For your knowledge under the amendment 14 of the U.S. Constitution many of those childrens are American Citizens you like it or not.
Amendment 14 - Citizenship Rights
1. All persons born or naturalized in the United States, and subject to the jurisdiction thereof, are citizens of the United States and of the State wherein they reside. No State shall make or enforce any law which shall abridge the privileges or immunities of citizens of the United States; nor shall any State deprive any person of life, liberty, or property, without due process of law; nor deny to any person within its jurisdiction the equal protection of the laws.
And it is so obvious your xenophobia against other ethnicities rather than whites.
For your knowledges segregation of groups or ethnicities are racism here and on the all part of the world.
So dont be pathetic to said that your forefathers writting the constitucion for white people only.
Why you dont look the History of this Country and see who invade who's.
Why you dont ask to native American if they should be allow to many Europeans on their own Country and allo them to become citizens rather than create a birth certificate stamped White-European Invader.
Would you like it Mr.
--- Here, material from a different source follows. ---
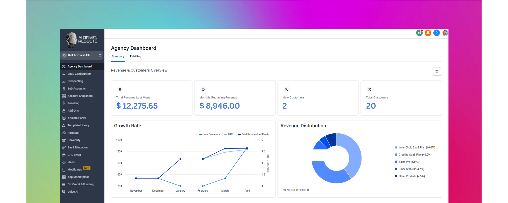 When you sign up as a SaaSPRENEUR, you'll have access to everything you need to launch your new white-label SaaS business. In addition to the monthly subscription revenue you'll receive from your customers, you'll also make money every time they send & receive emails, text messages, and when they use AI!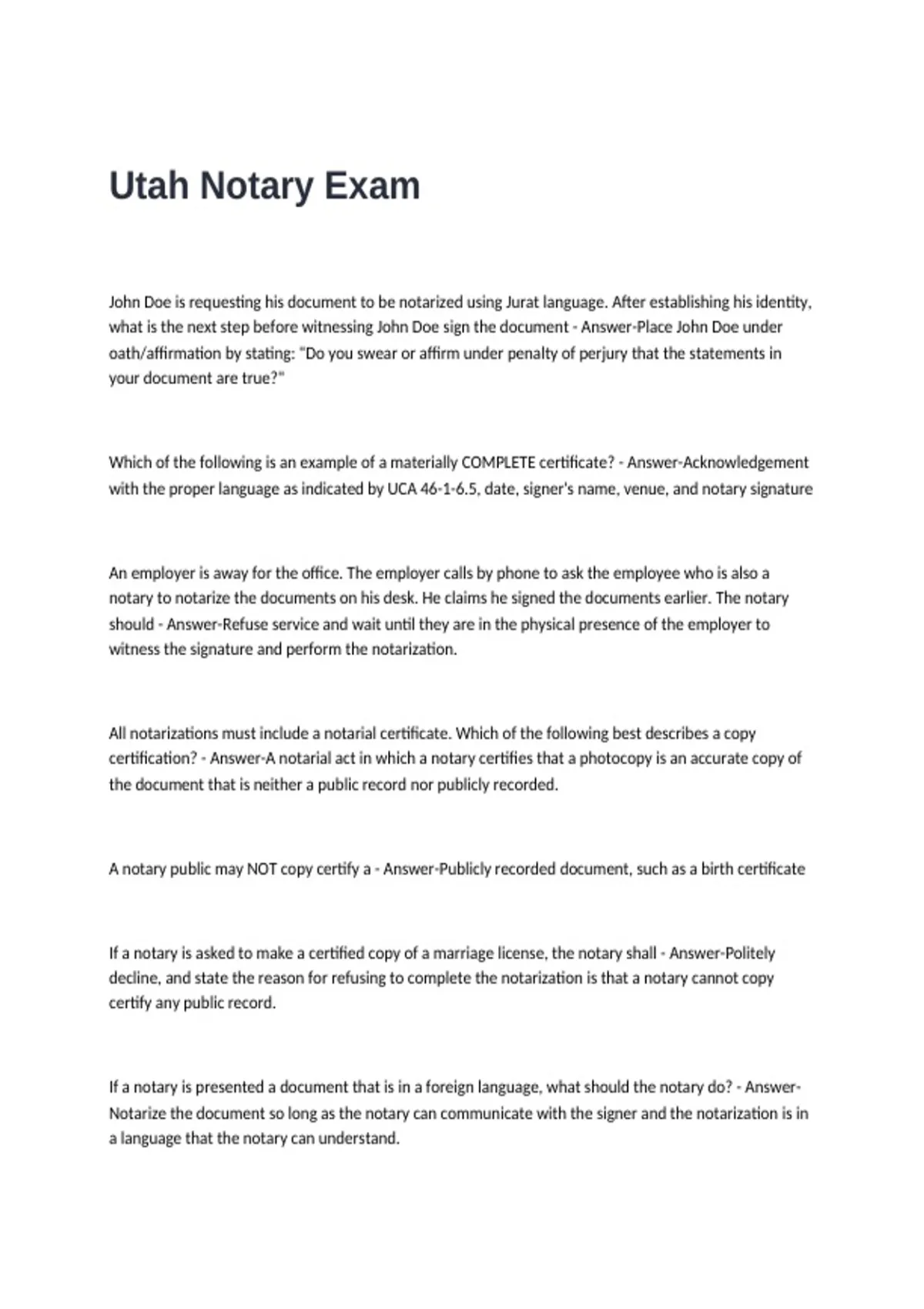 Utah Notary Exam

Allisio Rex.


Areli Perez on Apr 10, 2007 at 19:16:28 said:

I would like to know, what happened to the children. Did they get a plane ticket to Mexico? Did the human rights organization did something good for this family?

Thanks,
Areli


Allisio Rex on Apr 10, 2007 at 14:28:25 said:

Under Amendment 14 of the U.S. Constitution these "children" are not Citizens of the United States as their parents and them are NOT subject to the jurisdiction of the States in which they live.
Localities,Towns/Cities or Counties should stamp their Birth Certificate: " not a U.S.Citizen"," Not subjected to the jurisdiction of this State".
Amendment 14 was written,incidentally, for White People and not for third world invaders and and there is an Emergency Constitutional need to apply it today to our unwanted masses and get rid of them.
Our forefathers in writing the Constitution and the Amendments NEVER would have allowed any Citizenship RIGHTS to non-Europeans to begin with.
All these mestizo children should be Deport without judicial review. The Constitution is clear.